Beyond the Fold: Colette Fu’s Pop-Ups

Blog Category:  Artist Spotlight
A woman with medium skin tone and dark hair wearing a black dress holds a large pop-up artist book, which unfolds in her hand and onto a table.

Did you know that early pop-up books were intended for adults and not children? The earliest examples of movable books illustrated scientific theories. It was not until the 18th century that these pop-up techniques were applied to books designed for entertainment.

Installation view of a gallery space. On a gray wall, it says: "Wanderer/Wonderer: Pop-Ups by Colette Fu". Underneath are two big pop-up books with colorful sculptural shapes popping out.
Installation view of  two of Colette Fu’s pop-ups in Wanderer/Wonderer; Photo: Lee Stalsworth

Colette Fu (b. 1965, New Jersey) is an American photographer and pop-up paper engineer whose work reflects ideas of identity and its relation to society. The special exhibition Wanderer/Wonderer: Pop-Ups by Colette Fu, on view at NMWA through February 26, 2017, features ten pop-up books that explore Fu’s personal experiences through combined images of people, architecture, and nature.

Four works from Fu’s earlier series “Haunted Philadelphia” explore some of the spooky landmarks of the historic city. She ventured into “dark tourism” attractions, including Fort Mifflin and the Byberry Mental Hospital, which inspired her large-scale pop-up books.

Large-scale pop-up book with Auguste Rodin's and Camille Claudel's sculptures in a deconstructed classical building. Sculptures populate a mass of greenery that overtakes the building, bordered by crumbling columns.

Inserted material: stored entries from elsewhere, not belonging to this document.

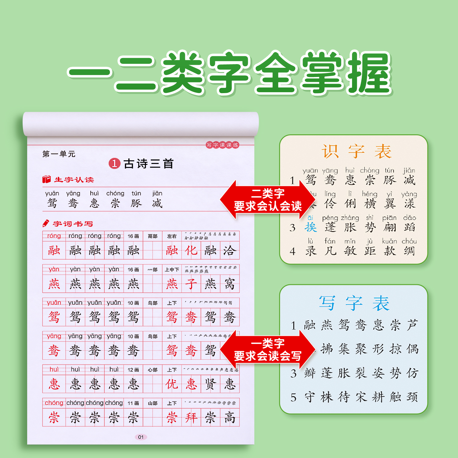 每日一练楷书钢笔临摹字帖练习 小学课本同步练字帖三年级上册下册字帖练字语文英语小学生专用正版 2025新版 小学语文同步字帖人教版
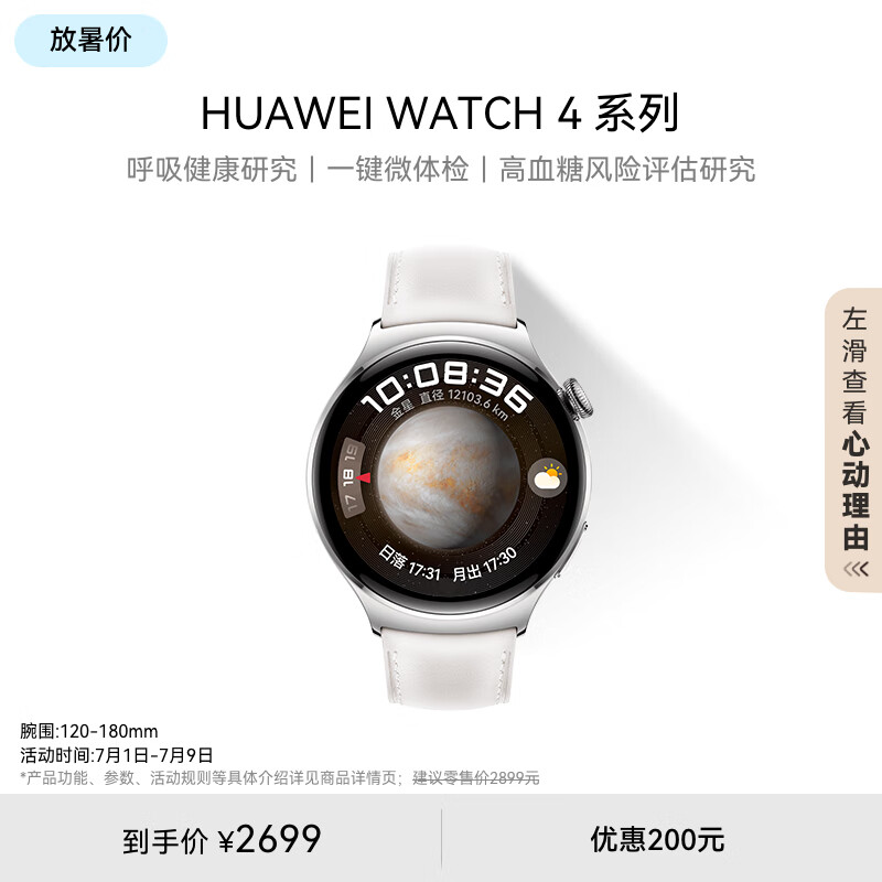 华为【送礼送健康】WATCH 4华为手表智能手表呼吸健康研究一键微体检华为运动手表金星白价格:2699.00元!
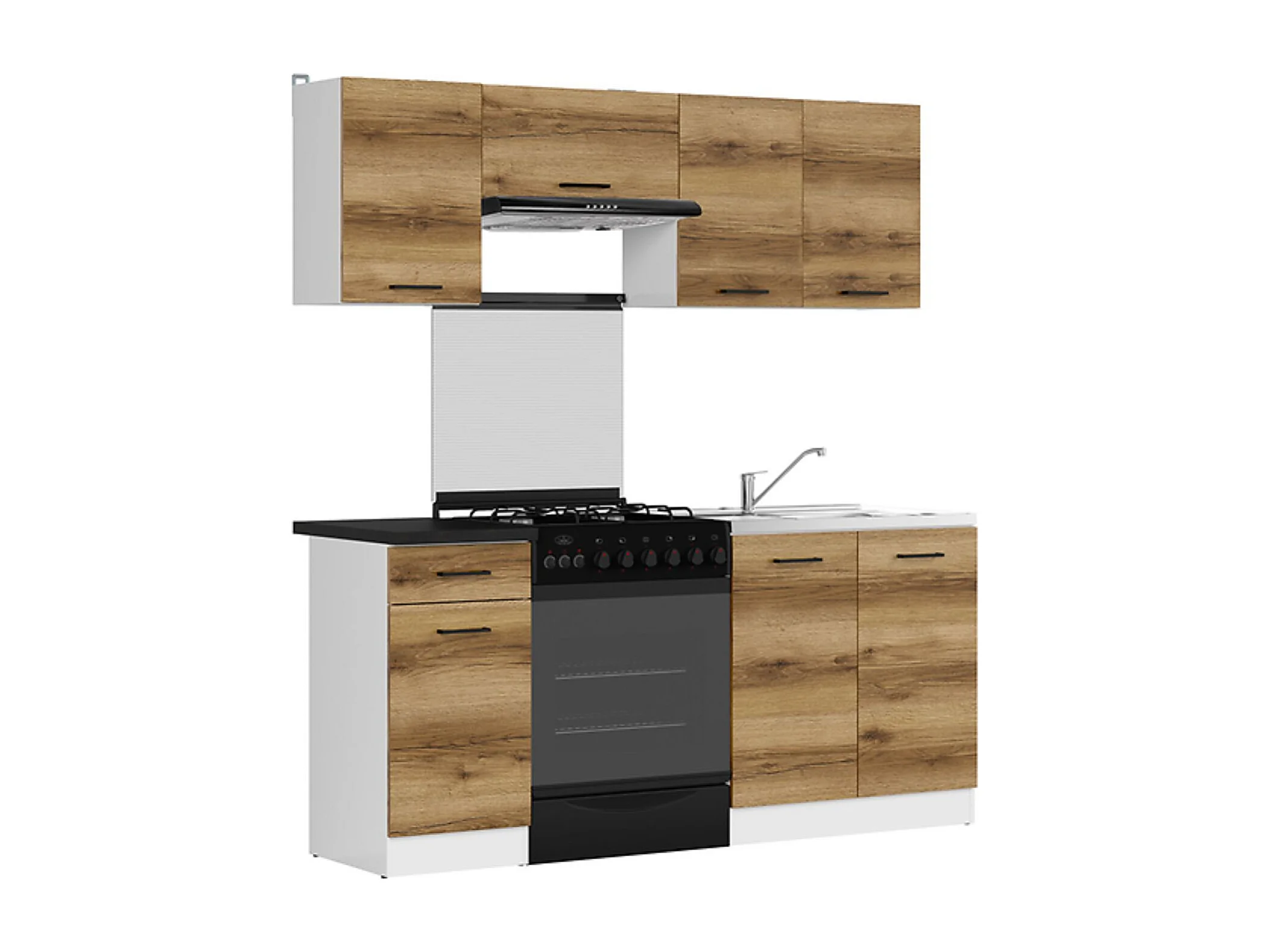 Cuisine complète 180 cm,Ensemble de meuble de cuisine coloris Chêne delano/Blanc, plan de travail Noir inclus

Scattered petals of color match the collaged newspaper base.
Colette Fu, Rodin Museum: Lovers, from the series “Haunted Philadelphia,” 2005–06; Artist’s book with color prints, Chinese Joss paper, and Philadelphia newspapers, 53 x 36 x 22 in. (open); NMWA; Museum purchase with funds donated by Lynn Johnston and Julie Garcia; © Colette Fu; Photo: Lee Stalsworth

One work from Fu’s “Haunted Philadelphia” series, Rodin Museum: Lovers, was inspired by the  story of two lovers who secretly met at the museum’s garden but were separated and died tragically. Associating the story with the unhappy love affair of Camille Claudel and Auguste Rodin, Fu created pop-up versions of their sculptures in the museum’s garden.

Large-scale pop-up book depicts the culture and traditions minority areas in China by showing numerous people in brightly colored, traditional dress."
Colette Fu, Yi Costume Festival, from the series “We are Tiger Dragon People,” 2008–14; Artist’s book with color prints, yarn, and Chinese brocade fabric, 32 x 31 x 9 in. (open); © Colette Fu; Photo: Lee Stalsworth

Soon after graduating college, Fu traveled to China’s Yunnan Province where she reconnected with her family’s roots and found a sense of pride and identity that encouraged her to pursue her passion for photography and storytelling. Fu’s series “We are Tiger Dragon People” (2008-13) depicts the culture and traditions of Yunnan and other minority areas.
“As I grow older I start to understand the importance of preserving one’s identity and culture, and the significance of learning one’s roots,” says Fu. She traveled specifically to photograph ethnic minority groups as a way to preserve their identities and spread awareness of their existence. Tales passed on from experts and elders inspired Fu’s vivid representations. Her works share stories of folk festivals, ritual celebrations, and local cooking.

Large-scale pop-up book with a light-skinned woman behind a huge display of food. She wears a green dress and purple flowers in her dark hair and turns to look over her left shoulder. The food explodes forward with bowls of soup, skewered meat, banana leaves, pig tail and more.
Colette Fu, Dai Food, from the series “We are Tiger Dragon People,” 2008–13; Artist’s book with color prints, 25 x 24 x 11 in. (open); NMWA; Museum purchase with funds provided by the Book Arts Fellows; © Colette Fu; Photo: Lee Stalsworth

The pop-up Dai Food from the series “We are Tiger Dragon People” introduces viewers to the cooking of the Dai people, one of the ethnic minorities in the Yunnan province. Fu photographed a young Dai woman wearing a long skirt and bodice. She is shown with street-food specialties of the region such as grilled chicken, fish, pig tail, pork liver, and snails. Fu blurs the line between the real and the imagined. Through her pop-up masterpieces, Fu says that she wants “eliminate boundaries between people, book, installation, photography, craft, and sculpture.”

Wanderer/Wonderer: Pop-Ups by Colette Fu is on view in the Teresa Lozano Long Gallery of the National Museum of Women in the Arts through February 26, 2017.